5. The above decision of the Tribunal was approved by the Hon'ble Supreme Court in Collector of Customs Vs. East Punjab Traders 1989 (89) ELT 11. In paragraph 7 of the above judgment the Hon'ble Supreme Court after referring to the contentions raised by the Revenue that the amendment is clarificatory in nature and therefore, will have retrospective effect observed as follows :

"The next question relates to the classification of the goods in question. The issue is whether the imported goods fall within the description 'lining material' or 'fabrics,made from man-made fibres/yarns' falling at Item 25 of the List of Non-permissible Items for import under Appendix 4. If the goods are lining or inter lining materials excluding nylon taffeta coated fabrics (25%) there is no dispute that the said material could be imported under the REP licences held by the respondents. The learned counsel for the appellant did not question the validity of the licences for the reason that even the Collector of Customs had not held the respondents responsible for the discrepancy in the dates to which we have already referred. One ground on which the Collector of Customs came to the conclusion that the material was not lining material is that in the Import & Export Policy document of April 1984-april 1985 Entry (vi) in Column 4 of Appendix 17 was changed, in that it mentioned lining and inter lining materials of width not exceeding 87-1/2 cms. excluding nylon taffeta coated fabrics (10%).

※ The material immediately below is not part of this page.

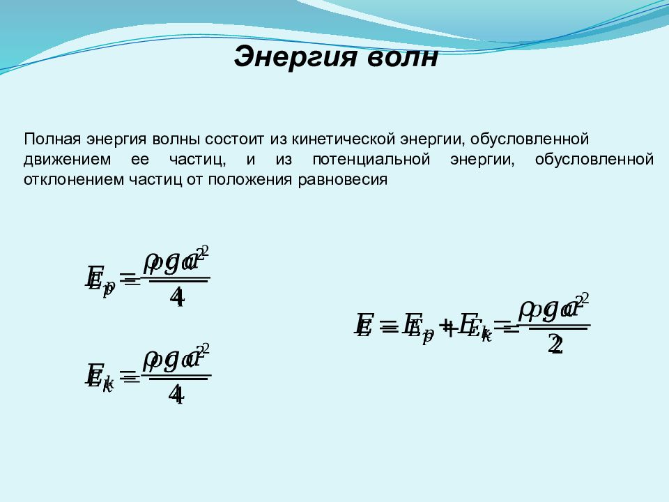 Полная энергия волны состоит из кинетической энергии, обусловленной движением ее частиц, и из потенциальной энергии, обусловленной отклонением частиц от положения равновесия

Two changes were made, the first relates to the introduction of the prescription as to width and the second relates to the percentage being reduced from 25% to 10%. We are not concerned with the latter. The Collector of Customs relied on this change and concluded that it was only clarificatory in nature and, therefore, the Entry (iv) in Column 4 of the Appendix 17 of the Import & Export Policy 1982-March 1983 must also be read as limiting the width to 87-1/2 cms. (approximately) 35 inches). The consequence of the interpretation would lead to certain penal liabilities in regard to payment of penalty, etc. and, therefore, we find it difficult to hold that this Entry prescribing the limit of the width has to be read retrospectively. The majority was clearly of the opinion that such an interpretation would lead to unforeseen consequences so far as the importers are concerned and many of them who imported lining material of the width exceeding the prescription would become liable to penalty,etc. We think that this view taken by the majority is unassailable."

6. We are of the view that the ratio of the above decision of the Supreme Court would be directly applicable in the present case. The clarification issued by the DGFT cannot have any application in respect of the imports made by the appellants before 17.9.99.

7. Since in the facts of the case it is not necessary for us to go into the larger question referred to us, welimit the consideration to applicabillity of the circular for the period prior to 17.9.99. As mentioned earlier, we hold that the imports made by the appellant before 17.9.99 will not be governed by the terms of the Policy circular dated 17.9.99 issue dby DGFT.

8. Since no other issue is involved in these appeals, we proceed to dispose of the appeals themselves. The orders impugned are set aside and the appeals stand allowed.